# My first symphony



## AndreasvanHaren

Hello,

I have put my first symphony on my website. Is has four movements, you can listen to the music and read the score while listening. Have a look here:

http://www.andrevanharen.com/firstsymphony.htm

best wishes,
André


----------



## PostMinimalist

Well done! I listened to most of the symphony but you need to get a more serious set of samples especially for the strings. I hope last nights concert in Seattle went well! Can you give a link to the octave chamber orchestra please!
FC


----------



## AndreasvanHaren

Hi FC!
i kbnow, my instruments aren't so good but it's the only thing I can afford at the moment.

Here is the link to the orchestra:

http://www.octavachamberorchestra.com/index.html

best wishes,
André


----------



## PostMinimalist

Thanks for the link. 
I use logic for midi realizations with a mixture of Vienna Symphonic Library and Vitous samples. I spend a lot of time 'tweaking' each individual part until it sounds like it might be played by a human being. you can hear some of my compositions 'realized' in this way here
Fergus Currie - Reverbnation profile 
This is music that I wrote for a video game last year.


----------



## AndreasvanHaren

I make all my recordings with Garageband and the Jam packs on my mac, for some of the sounds that I really don't like I use soundfonts that I found on the web. I am sometimes surprised still how good it sounds by just adding some reverb to it.


----------



## AndreasvanHaren

post-minimalist said:


> Thanks for the link.
> I use logic for midi realizations with a mixture of Vienna Symphonic Library and Vitous samples. I spend a lot of time 'tweaking' each individual part until it sounds like it might be played by a human being. you can hear some of my compositions 'realized' in this way here
> Fergus Currie - Reverbnation profile
> This is music that I wrote for a video game last year.

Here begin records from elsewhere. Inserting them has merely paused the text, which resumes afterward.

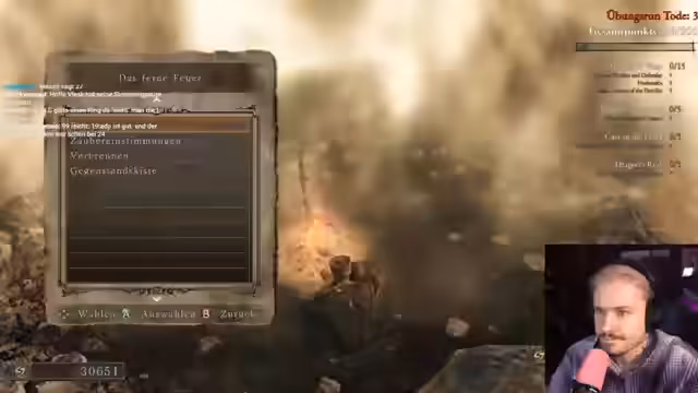00:42:58Der Streamer beginnt mit dem Training für Soulkeepers DS2 und stellt fest, dass er das Spiel vor drei Jahren zuletzt gespielt hat und somit relativ wenig Erfahrung hat. Er diskutiert mögliche Klassen und Builds, die er für den Run verwenden könnte, und erwähnt, dass er vorhat, den Claw-Grip für den Controller zu lernen, um besser im Spiel zu performen. Er zeigt seine anfänglichen Schritte im Spiel und ist unsicher über die besten Startauswahl für den Run.
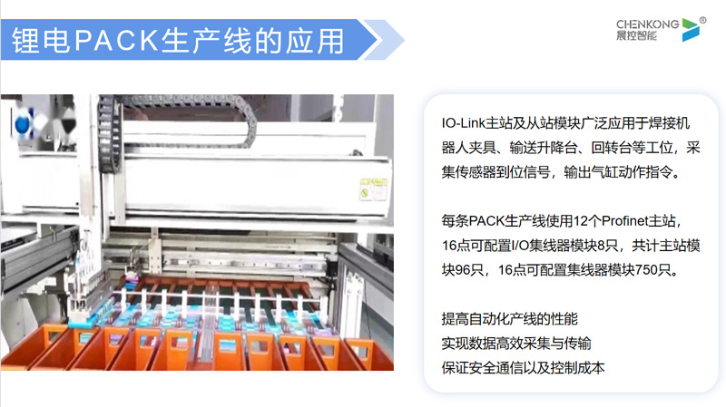傳統(tǒng)的IP20集中式連接,需要大控制柜,線槽走線亂,安裝麻煩;因?yàn)闆]有診斷指示,維護(hù)困難,故障時(shí)嚴(yán)重導(dǎo)致停機(jī)時(shí)間長。而晨控的IP67分布式IO-link連接,標(biāo)準(zhǔn)接口,接線簡單,開放連接,易于擴(kuò)展,主站儲(chǔ)存數(shù)據(jù),設(shè)備更換更簡單;有診斷指示,方便維護(hù)、調(diào)試,大大降低停機(jī)所需時(shí)間。廣泛應(yīng)用于焊接機(jī)器人夾具、輸送升降臺(tái)、回轉(zhuǎn)臺(tái)等工位,采集傳感器到位信號(hào),輸出氣缸動(dòng)作指令。能提高自動(dòng)化產(chǎn)線的性能,實(shí)現(xiàn)數(shù)據(jù)高效采集與傳輸,保證安全通信以及控制成本。
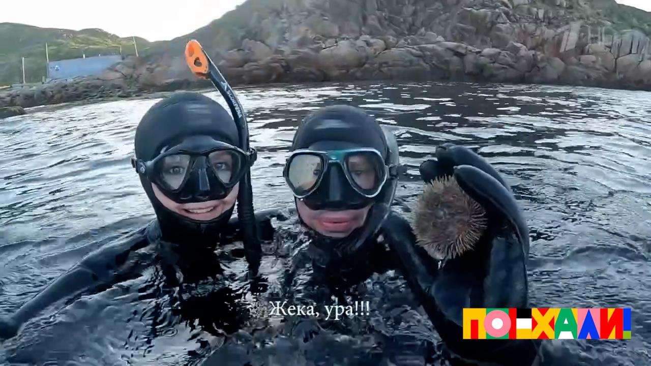 Евгений Покровский и Мария Осадник погрузились на дно Северного Ледовитого океана, увидели морскую звезду и добыли съедобного морского ежа.
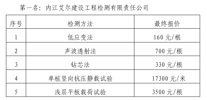 內江市污水處理廠提標改造工程樁基檢測單位中標結果公示
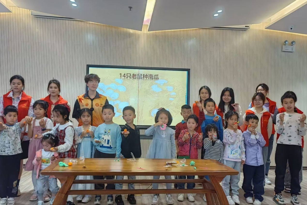 活动开始前,志愿者引导到场的小朋友签到,并且和小朋友们进行互动以活跃气氛。主讲人何桥成用生动形象的语言为小朋友们讲解了《14只老鼠种南瓜》的故事,讲解过程中,他通过提问的方式引导小朋友们积极参与,并对积极回答问题的小朋友给予零食奖励。为加深小朋友对绘本的理解,何桥成和志愿者们还利用视频讲解和现场教学等方式教带领小朋友们用粘土制作模型,并对作品进行展示和点评。活动结束后,志愿者们与小朋友们进行合影留念。
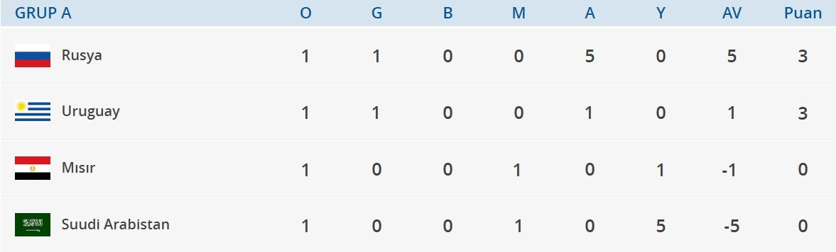 A Grubu'nda ilk maçların ardından 3 puanlı takımlardan Rusya liderliğini sürdürürken, Uruguay ise ikinci sırada yer aldı. Puansız takımlardan Mısır üçüncü, Suudi Arabistan ise son sırada bulunuyor.
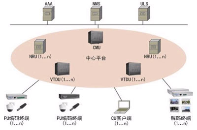 單級系統(tǒng)組網(wǎng)架構(gòu)如上圖所示。主要包括前端單元PU、客戶端單元CU、中心平臺(包括CMU、VTDU、NRU)以及支撐系統(tǒng)(包括AAA、ULS和NMS),各部分均接入IP

I listened to some of your songs and I agree that it sounds great, I like the harp; very smooth... Would be nice to have that sound library, but i have to wait some more time before I can afford it. And I'm not sure if my mac can pull it, must cost lot's of ram and processor time. I have a Powerpc mac, G5 with 2.5 GB ram


----------



## PostMinimalist

That's exactly what I use - G5 Mac with 2.5GB RAM!
Logic pro is very memory efficient and handles EX24 samples really neatly. I have 'looped' my midi thru system so that when I playback in Finale it runs the samples from Logic! You must remember to unplug this if you're going to record 'real time' into Logic using midi or you end up with a continuous loop of what your playing rather like feed-back through a microphone! Don't let me Hi jack this thread! It was very nice to hear a composer who is willing to write for a 'classical' orchestra set up in a very tonal manner. In places (especially the 1st mvt.) I was reminded of Prokofiev's 'Classical Symphony' and a little bit of Ibert's 'Divertimento'. I remember getting criticized at the 1988 Glasgow Music Festival Composers Competition for being to conservative and not 'modulating' enough (I was a bit upset) but I would like to suggest the same to you. While rhythmically and melodically very bright I would like to have seen a more harmonically adventurous development of the themes. This does not belittle your achievement in any way but as a teacher of composition I always tell my students not to 'correct' their works but to put these new ideas into the next piece they write. I see that you have been making alterations and additions to this work for a while but now it's time to let it go with a life of it's own! Again, well done! It takes a lot of work to get something like that up and running!
Cheers
F


----------



## AndreasvanHaren

Thanks, I know that I am very tonal in it still, but am sure that my next one will be very different, although probably still very romantic. My first and second piano sonata are very different also although I wrote them close after each other last year. A symphony takes more time to complete and change in style goes slower.

My sonatas btw are here:
nr. 1 http://www.andrevanharen.com/pianosonatano1.htm
nr. 2 http://www.andrevanharen.com/pianosonatano2.htm

André


----------



## Krummhorn

André

First rate, as always ... particularly enjoyed the "playfulness" of the 3rd & 4th movements. 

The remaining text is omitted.